Newborn has 2 mutations-I1366T & DelF508..HELP?


New member
So I received a call that my newborn has two mutations today-I1366T & DelF508. Her IRT was 97.99, and newborn cutoff is 67. I was told that they would refer her for the sweat test at Children's Hospital and I'll be hearing from her Dr and C.H. soon.

*crickets* the MEANTIME, what am I supposed to think? Of course, I googled it and the information I got was "if baby tests positive for 2 mutations, baby most likely has C.F.".

We have 5 children--#3 is a carrier of DelF508. Not sure about 1, 2 and 4. I never got any information after #4's birth so I assume she is not a carrier...

Is it possible that even with two mutations, she won't have it?

Also, is it possible that both me and my husband are carriers and didn't pass it on to any of the other kids, or can pass on just 1 mutation to #3 yet pass on both to #5?

Very concerned and hate having to wait now...any info is much appreciated.


Super Moderator
Dear Mom,
I am so sorry for your worry. I know how hard it is. Let me try to answer our questions.
1) Both you and your husband have 2 cftr genes. Your daughter got one gene from you and one from your husband, so you have one CF mutation and one "normal" one; your husband has one cf mutation and one "normal" one. Each of your children have 25% chance of getting two CF mutation and 50% chance of being a carrier, so possible that only your 5th blessing has both cf mutations.
2) CF mutations are usually considered either 1) disease-causing; 2) unknown whether disease-causing; or 3) disease-causing when with a known disease-causing mutation; 4) not disease causing. df508 is disease causing. I cannot find anything on whether the other mutation is disease-causing, unknown, etc. When you talk to the center to schedule the appointment, I would ask them point blank whether I1366T is known as a disease-causing mutation AND what class mutation it is. They might not tell you. If it were me, I'd ask for the nurse/scheduler whoever to have a doctor call you back so you can ask them before the appointment. They might say no, but I'd still want to know so I can go into the sweat test with more information. Most CF doctors will say the sweat test is the gold standard, but if the mutations are known to be disease-causing will give you some preparation on the likely results. For me, I wanted that.
3) I know how scary this is. The thing that to me is most important to know is that if she does have CF, CF today is so much different than 10 years ago. Our son is 5. There is already a drug that fixes the defect in the mutation for others and one that should be available next year that will help fix his mutation. Not perfect, but there are soooo many drugs in the pipeline that by the time your daughter is 5 there will be even better drugs and eventually (and I mean in the next 20 years) drugs that will cure. I'm sending a big hug and prayers for you and her. Also, below is a link with some details on what to expect at the first appointment.
God Bless


I don't have any helpful information but I can tell you that prayer will definitely ease some anxiety. It was such a shock to my husband and I to find out that our baby has cf. I went to the Internet after being told not to.....big mistake! ! I still Google things and regret it afterwards. Waiting is the worst. You can't change what God has planned for your baby. Enjoy this new baby and try to keep your mind full of positive thoughts!


New member

Thank you so much for your detailed response. What a helpful post.

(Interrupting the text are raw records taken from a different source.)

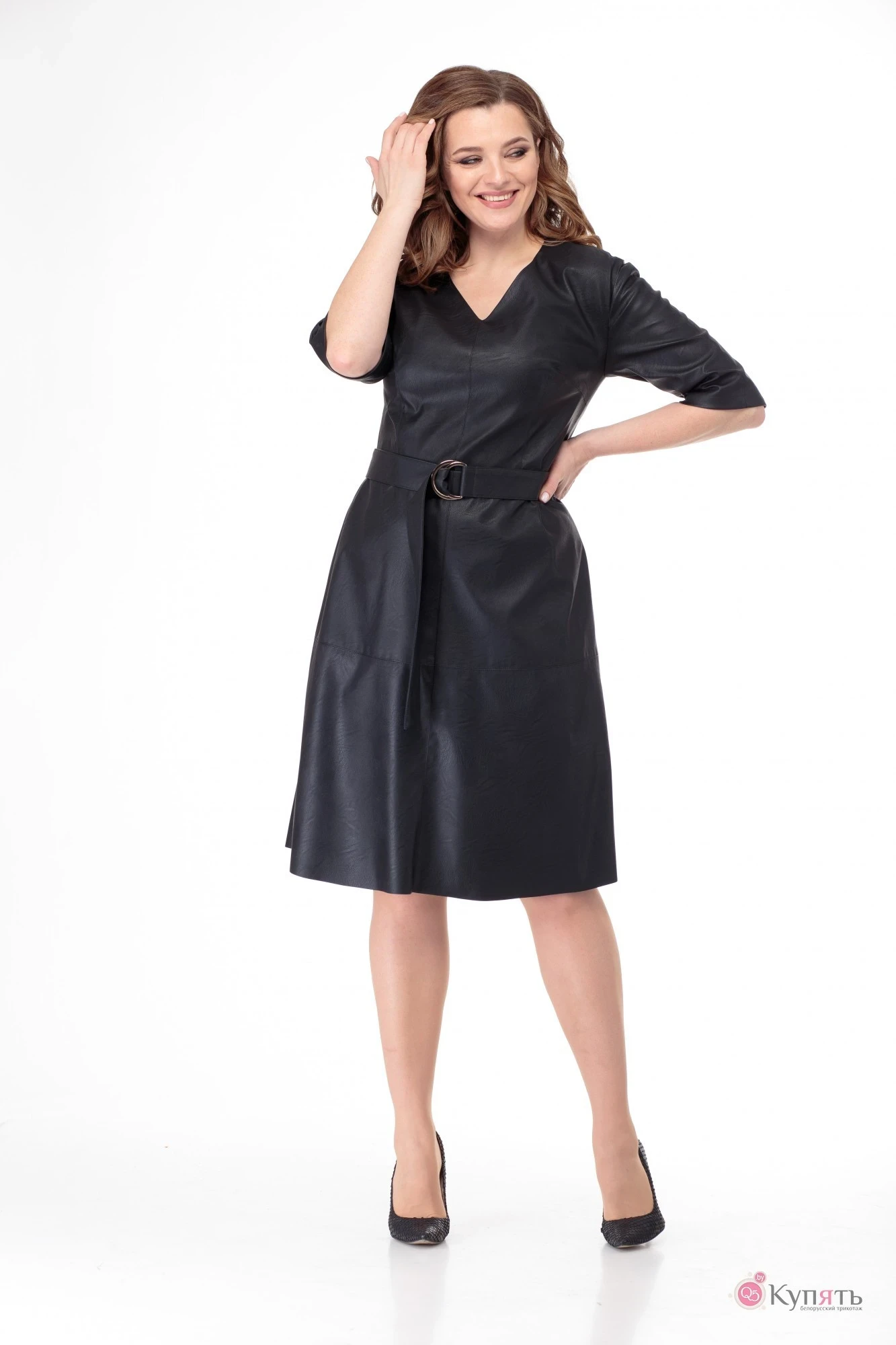 Полуприлегающий силуэт, отрезное по линии талии, слегка спущенные плечи, рукав 3/4, V-образный вырез горловины, правильная длина ниже колена, нагрудные и талевые вытачки. Застежка на потайную молнию в среднем шве спинки.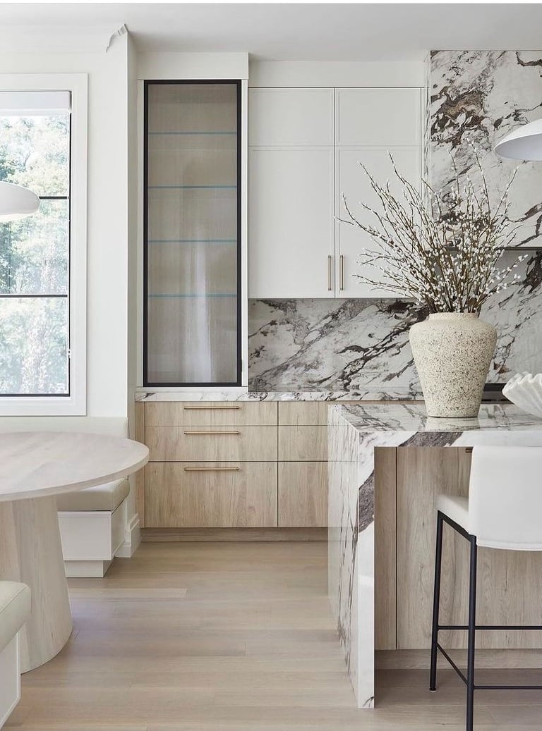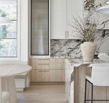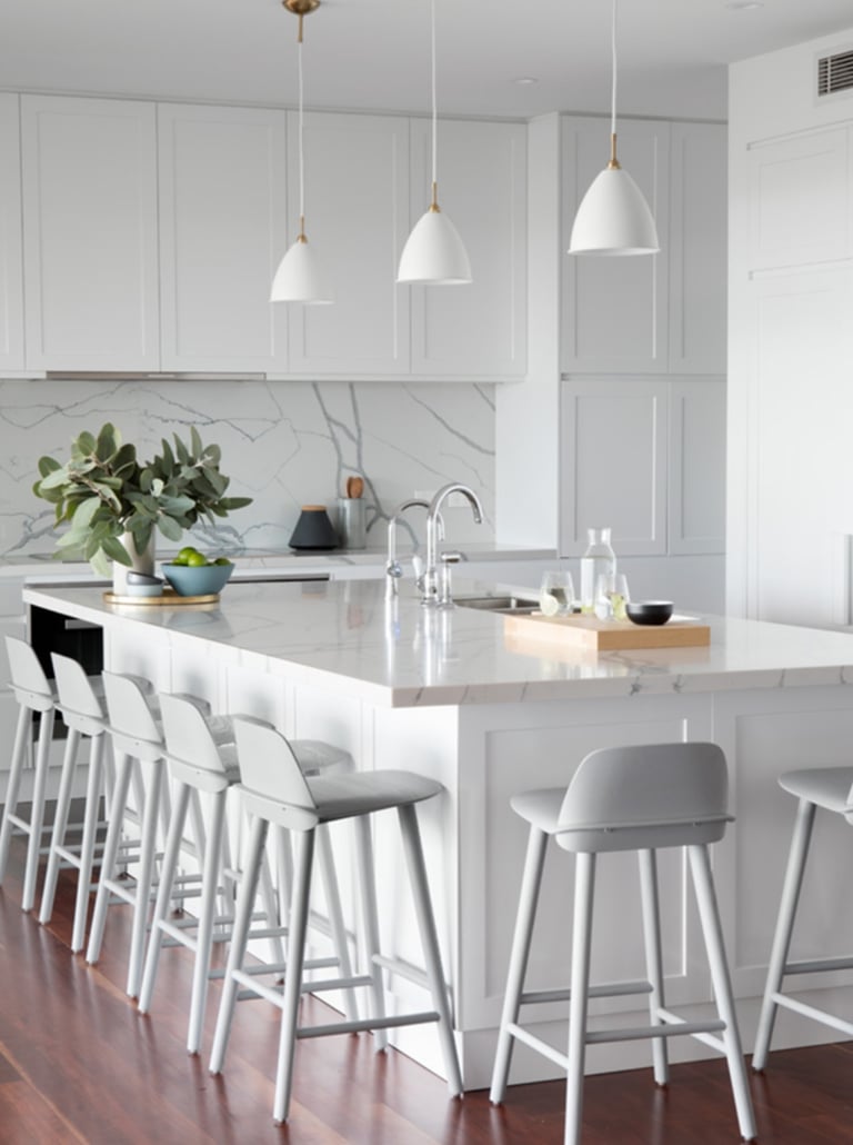 The contemporary kitchen is increasingly reflecting the homeowner's personality and lifestyle. Think customised cabinetry profiles and colours, unique backsplash designs with the use of highly patterned stones and and statement lighting fixtures. These features marry design and performance to create a highly aesthetic kitchen that reflects the style of the home and personality of the owners.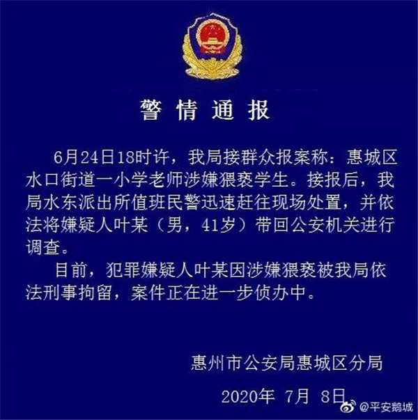 6月24日18時(shí)許,我局接群眾報(bào)案稱:惠城區(qū)水口街道一小學(xué)老師涉嫌猥褻學(xué)生。接報(bào)后,我局水東派出所值班民警迅速趕往現(xiàn)場(chǎng)處置,并依法將嫌疑人葉某(男,41歲)帶回公安機(jī)關(guān)進(jìn)行調(diào)查。

We called today and got an appt for the sweat test Wednesday (6 days! sigh). My husband asked the lady he talked to about the two mutations together, and after pulling them both up she said that "most often it's not CF." But then of course she said they can't diagnose over the phone, the best way to know is the sweat test, etc. But little is known about I1366T-it is, however, asymptomatic, which I found on a website too.

So could it be possible to have two genes, yet not have CF? I'm not finding much on that--but I would think (in my uneducated, new-to-this brain) that if I1366T is a rare asymptomatic mutation, that maybe them together (DelF508) won't cause CF. I don't know...


New member
I don't have any helpful information but I can tell you that prayer will definitely ease some anxiety..... You can't change what God has planned for your baby. Enjoy this new baby and try to keep your mind full of positive thoughts!

Thank you so much for this! God is good even in the "Even If's" scenarios.